### TASK TO COMPLETE
Nothing should appear in the answer except the lines below from the line containing "La estructura giratoria" through the line containing "ITD Reispapier Decoupage", copied exactly, with pictures left out.

### GIVEN DATA
---

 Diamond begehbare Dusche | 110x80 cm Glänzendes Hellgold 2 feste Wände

---

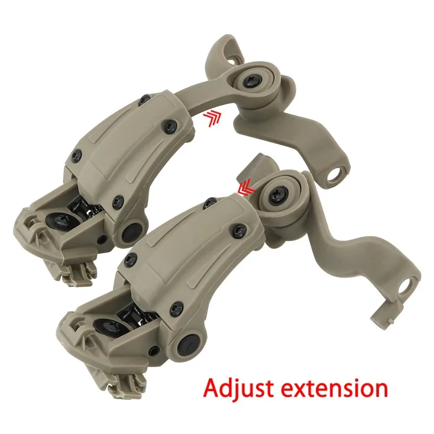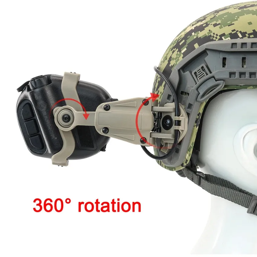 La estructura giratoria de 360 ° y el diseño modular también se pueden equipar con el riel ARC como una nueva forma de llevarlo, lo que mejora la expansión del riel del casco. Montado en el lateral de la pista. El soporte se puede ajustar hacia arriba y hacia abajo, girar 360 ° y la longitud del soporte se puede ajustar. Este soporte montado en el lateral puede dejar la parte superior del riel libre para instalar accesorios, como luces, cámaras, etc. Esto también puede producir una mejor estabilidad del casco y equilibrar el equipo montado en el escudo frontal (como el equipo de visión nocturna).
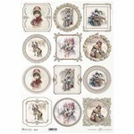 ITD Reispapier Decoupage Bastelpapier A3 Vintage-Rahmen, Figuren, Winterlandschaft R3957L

---

### SOLUTION
 La estructura giratoria de 360 ° y el diseño modular también se pueden equipar con el riel ARC como una nueva forma de llevarlo, lo que mejora la expansión del riel del casco. Montado en el lateral de la pista. El soporte se puede ajustar hacia arriba y hacia abajo, girar 360 ° y la longitud del soporte se puede ajustar. Este soporte montado en el lateral puede dejar la parte superior del riel libre para instalar accesorios, como luces, cámaras, etc. Esto también puede producir una mejor estabilidad del casco y equilibrar el equipo montado en el escudo frontal (como el equipo de visión nocturna).
 ITD Reispapier Decoupage Bastelpapier A3 Vintage-Rahmen, Figuren, Winterlandschaft R3957L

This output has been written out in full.